The framework and algorithm of GAAP are shown in Fig.1.

Figure 1 The framework of GAAP. seg, segment of cGOF; ref, reference; sc, scaffold/contig. Head (closed circle) and tail (open circle) vertices of the syntenic seg in each reference are sequentially connected with a dashed line indicating the permutation (order and orientation) of seg.
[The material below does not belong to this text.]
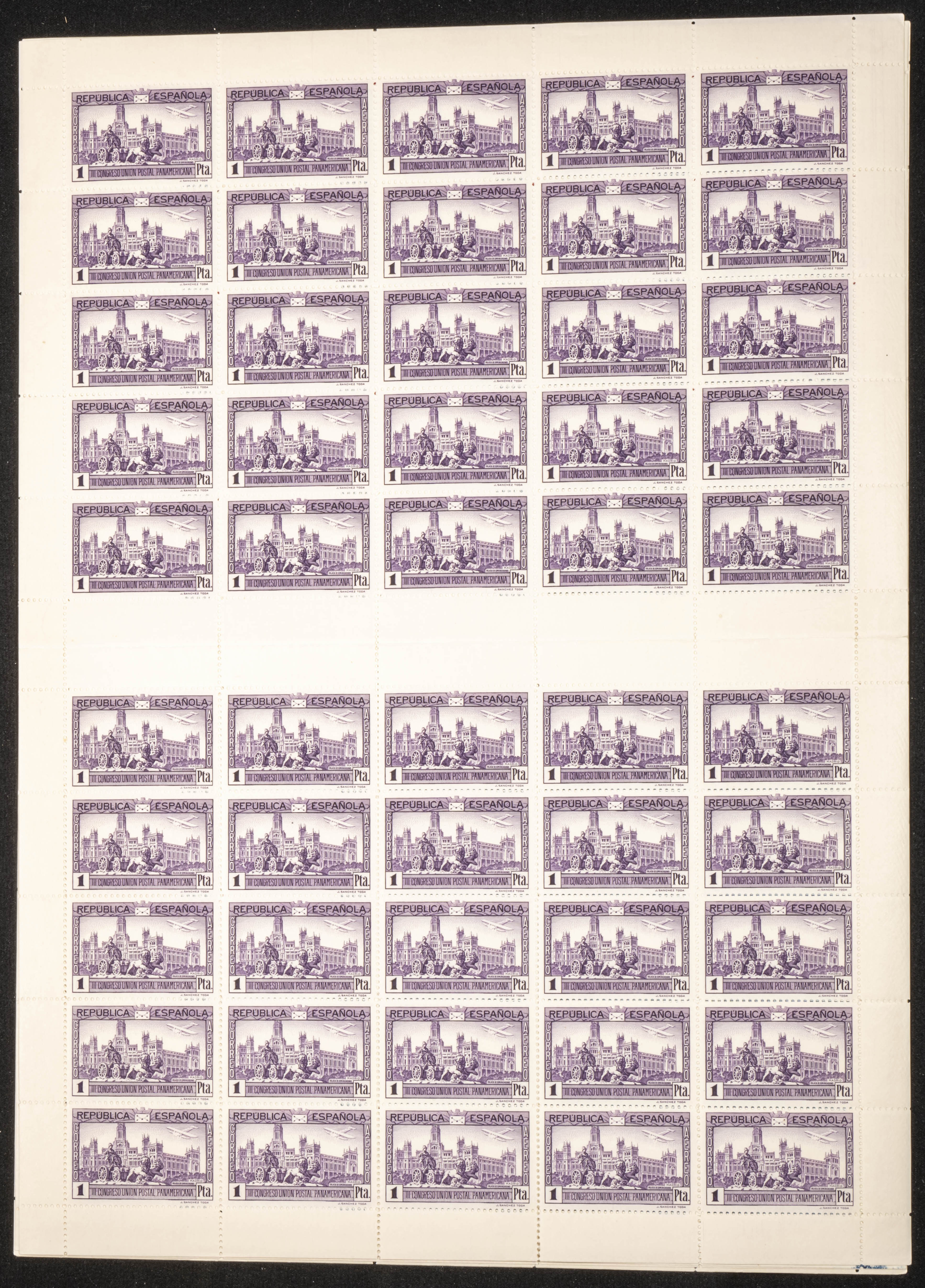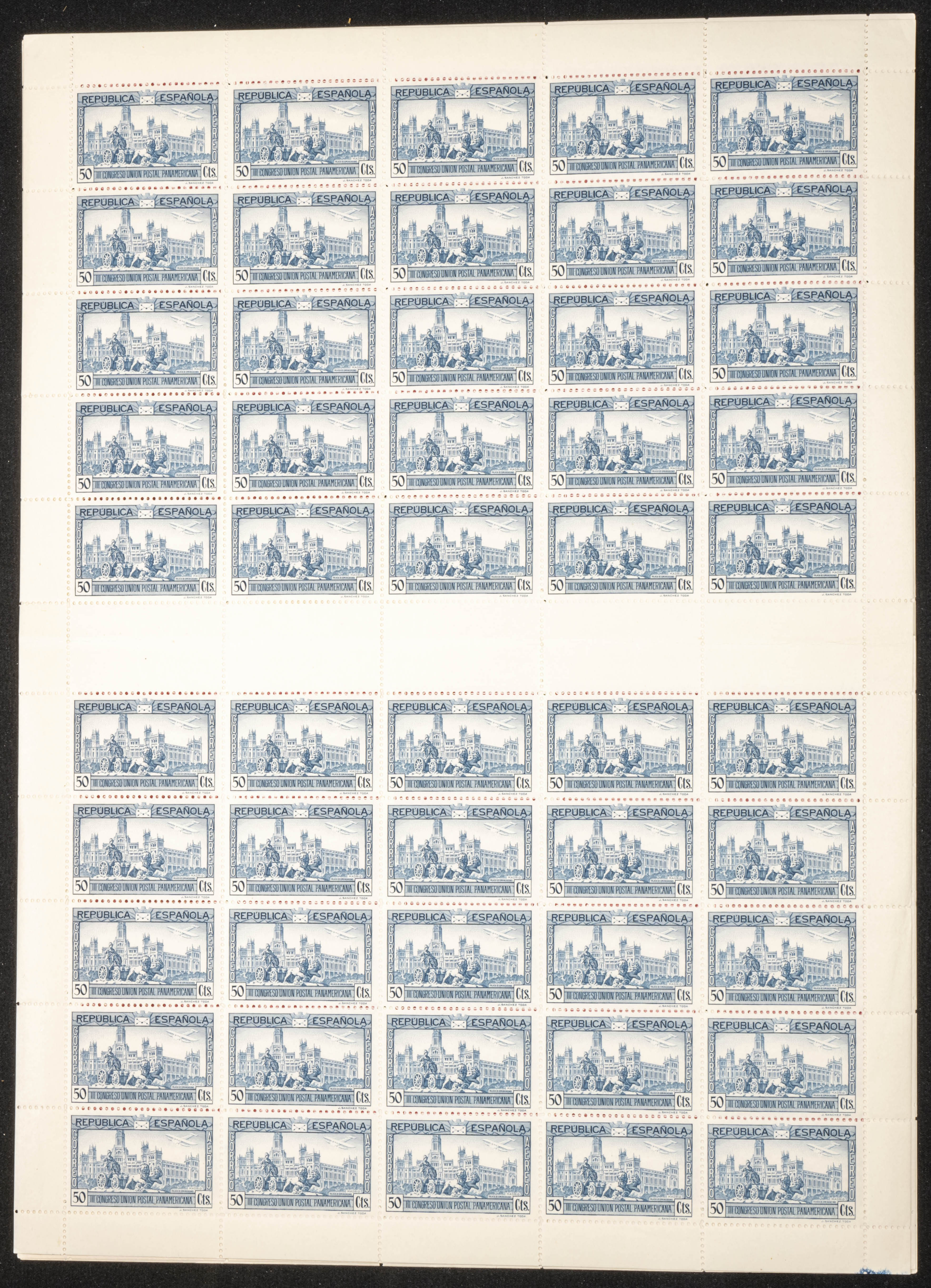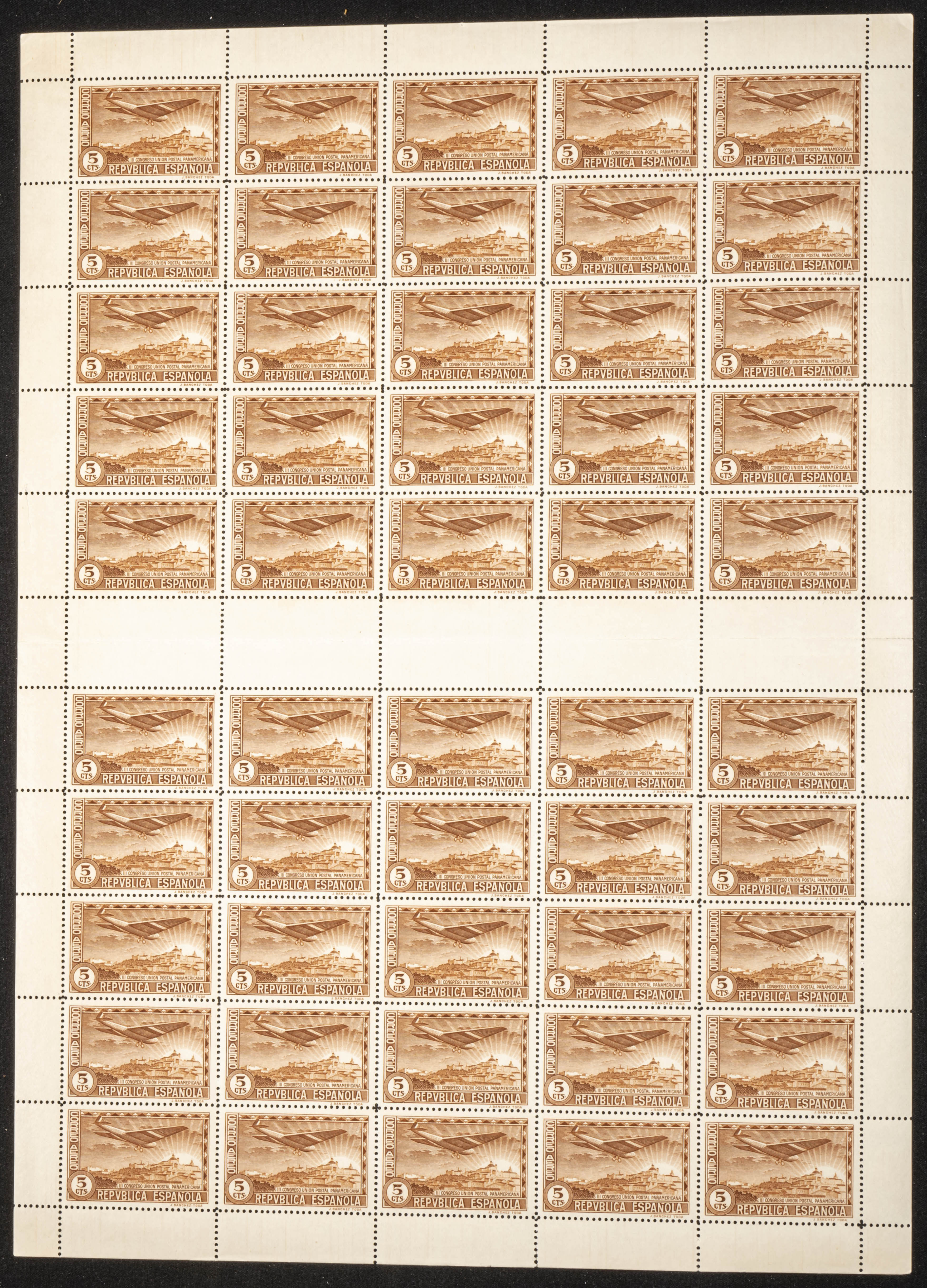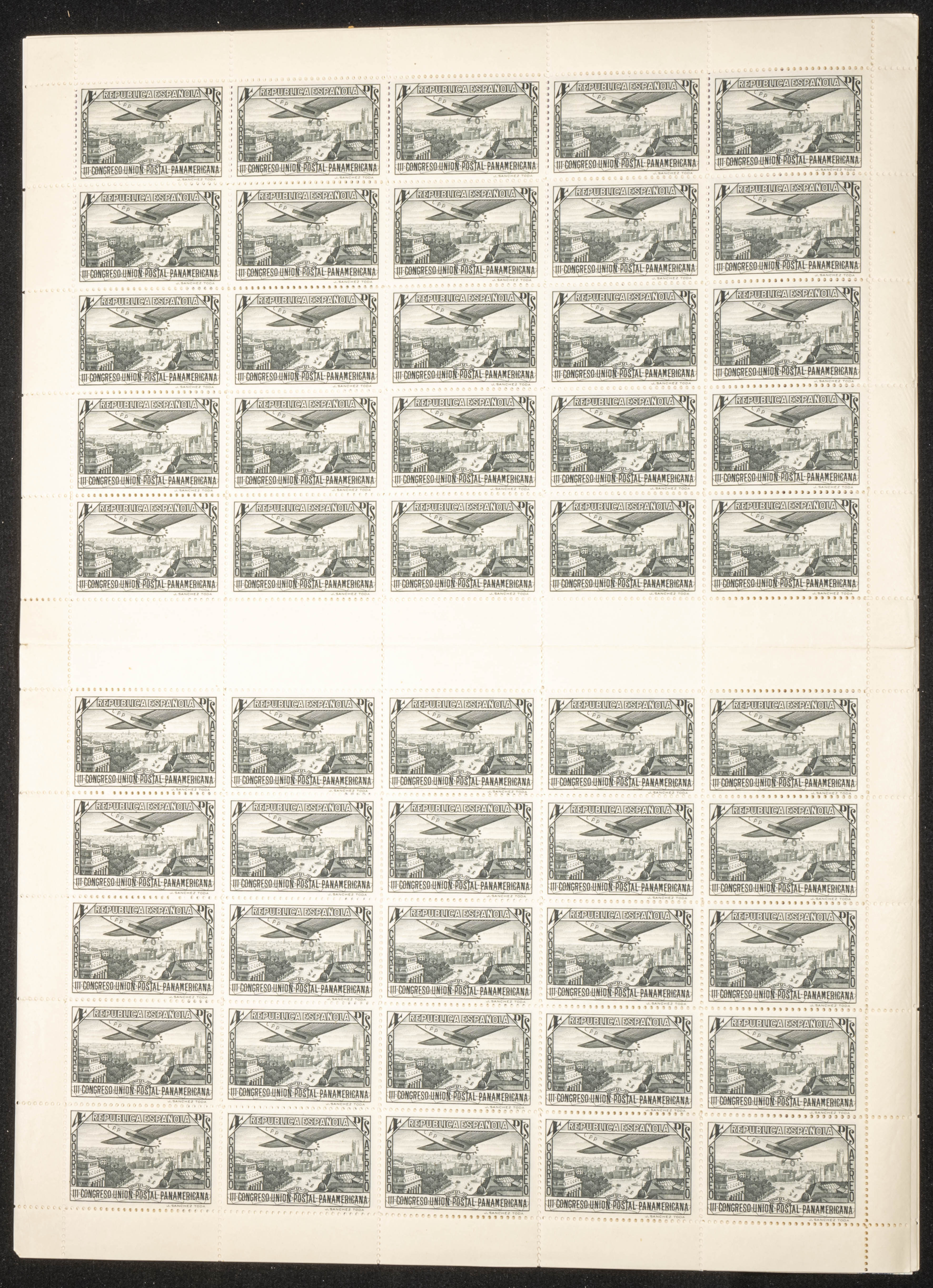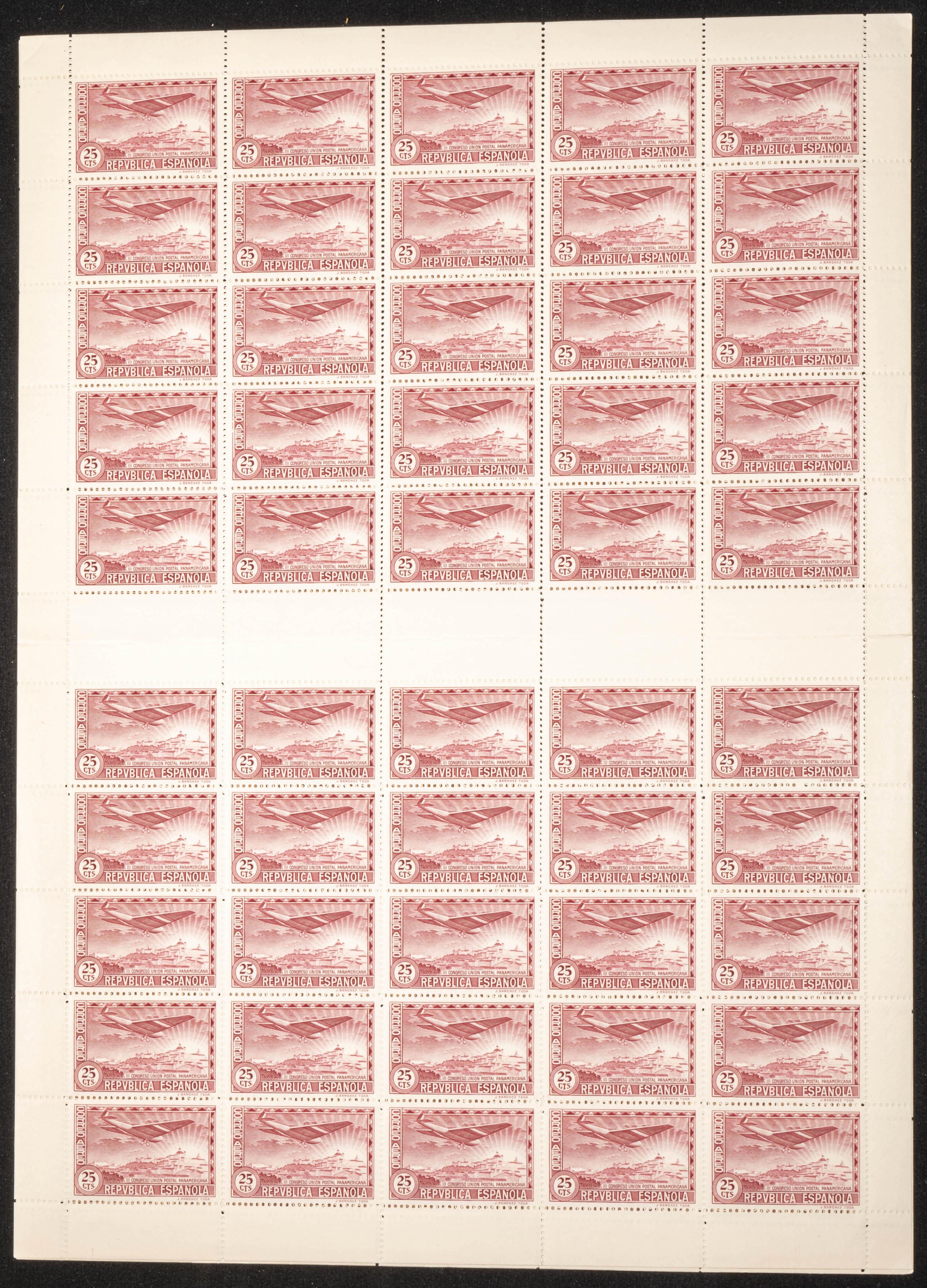 ★★ 614cc(50), 616/19cc(50). 1931. Complete PANAMERICANA AEREA series, missing the 10 cts, in sheets of fifty stamps. COLOR CHANGES. MAGNIFICENT AND RARE SET, OF ENORMOUS SPECTACULARITY THAT INCLUDES THE INTERPANEL. Edifil 2020: 6,500 Euros

The graph in the local scaffolding of ordered sc is built by connecting seg-ordered sc and unordered sc, where the links are higher than a certain cut-off. If a conflicted connection occurs, the priorities are seg-ordered by the order and link count. The line widths indicate the link count.The line widths indicate the link count. For each pair of scaffolds and contigs, sci and scj, there exist four types of connection between them, (i) head-to-head, [sci(-),scj(+)] or [scj(-),sci(+)]; (ii)head-to-tail, [sci(-),scj(-)] or [scj(-),sci(-)]; (iii) tail-to-head, [sci(+),scj(+)] or [scj(+),sci(+)]; (iv) tail-to-tail, [sci(+),scj(-)] or [scj(+),sci(-)]; where positive and negative signs indicate the relative orientation of assemblies.


Download

Source code of GAAP can be downloaded from github for free.
To test the performance of GAAP, example datasets are provided here.

Installation

GAAP is in Python scripts (Python version of 2.7 or above is required to run the program), so it is unnecessary to compile. However, extra programs Bowtie2 and BLAT are required to run GAAP. Bowtie2 is available from http://bowtie-bio.sourceforge.net/bowtie2/index.shtml. BLAT is available from ftp://ftp.ncbi.nih.gov/blast/executables/release/.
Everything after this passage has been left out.